Following are some best practices and tips for training call center agents.
Train agents on all media. Consider training agents on phones for part of the day, and other contact media such as email or chat for another part of the day. Without variance, training will become boring and repetitive and agents will turn out. The extra bonus is that when training’s over, you’ll have agents who can work on different media.
Vary classroom and practical training. Most people’s attention span for classroom training wanes after too long, so limit the classroom sessions and intersperse them with practical, hands-on training such as simulations.
Have agents role-play. Assign one agent to the part of a customer and another to the part of an agent. This way, not only will agents get practice, but they may develop some empathy for what customers are experiencing.
Celebrate good results. Everyone needs encouragement during training. Use a rewards system to induce trainee agents to try a little harder, and recognize when they’re doing good work. Be sure to give them actionable feedback on their performance.
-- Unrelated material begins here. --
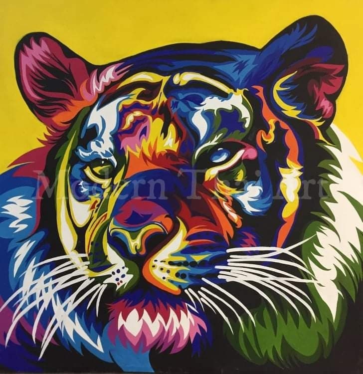 Colorful tiger painting on yellow background vibrant animal wall art symbolizing power, energy, and courage for bold and modern interiors.

Train them on difficult calls. Every one of your newbie agents will eventually run into a very difficult call with a customer who is angry, emotional, inappropriate or just plain odd. Teach agents how to deescalate difficult calls, and what steps they can take if callers become abusive or overly emotional.
Monitor and coach their first live calls. When you do finally let agents loose on real customers, do it with a manager listening to the call. Many call monitoring solutions allow managers to “whisper coach” agents through first calls or difficult calls.
Be sure to explain the concepts simply. Not everyone has spent a lot of time in the call center. Practices that may seem routine to veterans may be perplexing to new agents, so be sure you’re defining your terms and basic concepts. Consider creating a “help” or “how to” page on your internal network where agents can look up answers or even help each other.